The Supreme Court’s decision to allow borrowers a chance to be heard before their accounts are flagged as fraudulent by lenders is expected to result in several cases being reopened where the borrower is aggrieved because of such classification, bankers said.
Still, the reopening of cases would not be automatic.
A borrower who is aggrieved by the ‘fraud’ classification will have to approach the bank and consequently, the bank will take the necessary steps so that the apex court’s order is followed in letter and spirit, they said.
According to bankers, the Supreme Court order is expected to play out in three phases.
One, the borrowers whose accounts were categorised as “fraud” may approach the bank for hearing them again.
This shall lead to the reopening of decided cases.
Second, even if the due process is followed based on the order, the borrower can still challenge the bank’s verdict in court, further dragging the matter.

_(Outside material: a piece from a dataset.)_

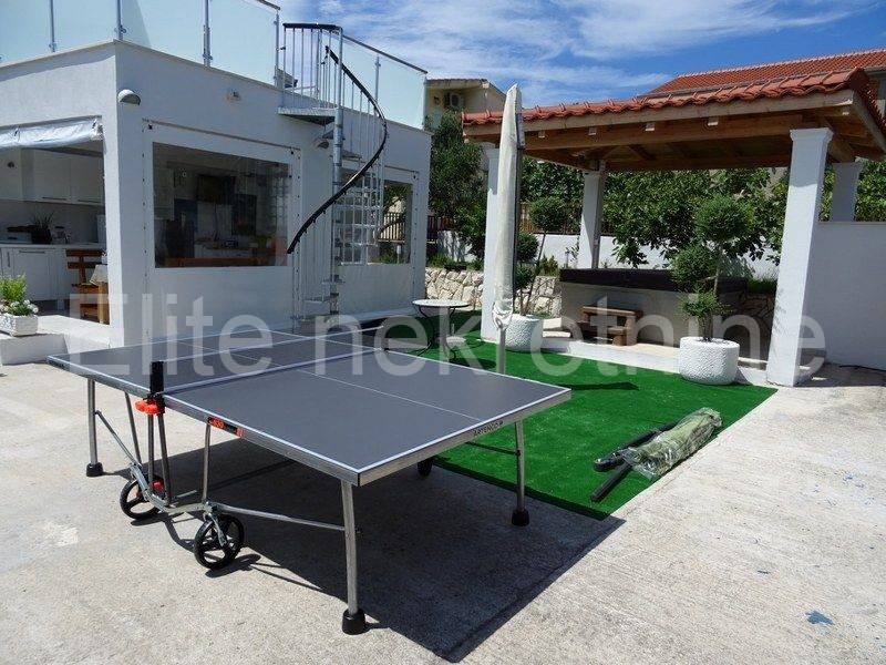 We are selling a villa in Stivašnica (Ražanj), only 130 m from the sea.On the ground floor of the villa there is an apartment consisting of 3 double bedrooms, living room and kitchen, hallway, bathroom and toilet, with an outdoor terrace of approx. 35 m2, and two barbecues.On the first floor is an apartment consisting of 2 double rooms, a kitchen with a dining room, a bathroom and a covered terrace of 30 m2.On the northern part of the plot there is an auxiliary facility with a fully equipped auxiliary kitchen, barbecue, swimming pool that is hidden from view from the street, a jacuzzi for 6 people, and outdoor showers. A large area for sunbathing on deckchairs, playing table tennis and socializing in the evening.The house has an alarm and video surveillance, electric heating radiators and is fully air-conditioned.The plot is fenced, provides intimacy, is fully horticulturally decorated with Mediterranean plants.There is enough space to park 4-5 cars.The price includes the use of moorings in the harbor and 3 moorings in Stivašnica bay.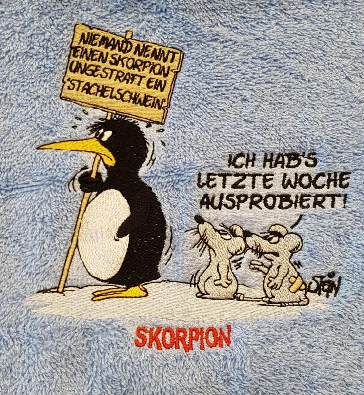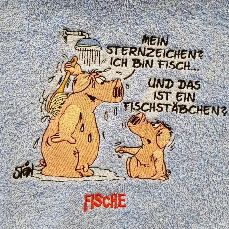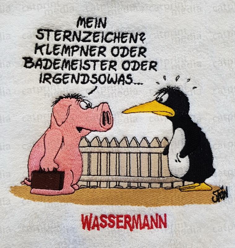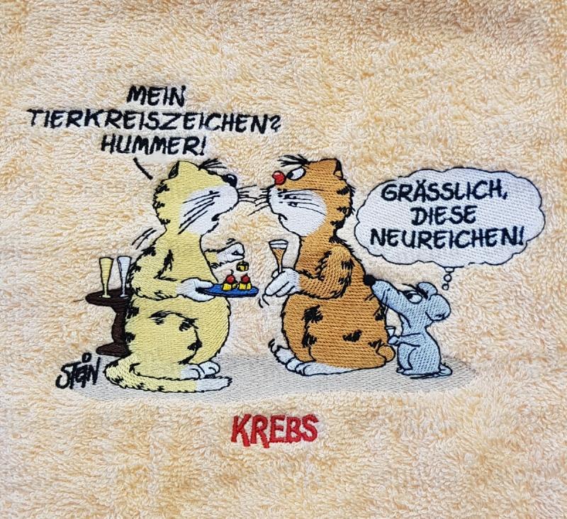 Ein echter Hingucker am Strand sind die neuen Sternzeichen-Dusch- und Handtücher mit witzigen Cartoons von Uli Stein.

Eventually, bankers said, going forward, this decision will help streamline the whole process of classifying accounts as frauds but the decision to arrive at a judgment (whether the account can be classified as fraud or not) may get tougher.
On Monday, the Supreme Court, in a significant judgment, said, “Consistent with the principles of natural justice, the lender banks should provide an opportunity to a borrower by furnishing a copy of the audit reports and allow the borrower a reasonable opportunity to submit a representation before classifying the account as fraud.”
The two-judge Bench of Chief Justice of India D Y Chandrachud and Justice Hima Kohli, in their judgment, said: “Since the master directions on frauds do not expressly provide an opportunity of hearing to the borrowers before classifying their account as fraud, audi alteram partem has to be read into the provisions of the directions to save them from the vice of arbitrariness.”
Bankers said the decision won’t deter them from marking an account as fraudulent.
“It’s only about following a process, which will have no impact on banks in declaring a fraud, if a fraud has been committed,” said a banker.
According to legal experts, in the cases where banks have declared an account as fraud and the same are under challenge, banks can come up with fresh steps, which are in accordance with the order of the Supreme Court.
“As the circular has been held to be violating the principles of natural justice, in the cases wherever bankers have declared an account as fraudulent, without providing any opportunity, there is a great possibility that most of those affected people may challenge those decisions of banks.
"This would lead to multiple litigation,” said Ashish Pyasi, associate partner, Dhir and Dhir Associate.
“Financial institutions usually follow the practice of giving borrowers an opportunity to present their side, before they can be labelled as wilful defaulter, fraud, non-cooperative, etc,” said Veena Sivaramakrishnan, partner, Shardul Amarchand Mangaldas & Co.
“The operational process that banks follow would be streamlined following the Supreme Court judgment.
"The addition of a mandatory layer (to give the borrower an opportunity of being heard) is unlikely to lead to any substantial increase in time for completing the fraud classification,” she said.
According to her, there is no need to wait for any specific amendment to the RBI regulations after the top court’s verdict, as this is the principle of common law and equity, too.
Legal experts explained that the principles of natural justice mandate that both parties need to be heard, before arriving at a decision.
“With this decision, the (RBI) circular stands the test of both Article 14 and principles of natural justice,” said Abhinay Sharma, managing partner, ASL Partners.
“This order would be a significant relief to other parties who are similarly placed and affected by fraud classification by lenders without the principles of natural justice being followed,” said Anushkaa Arora, principal & founder, ABA Law Office.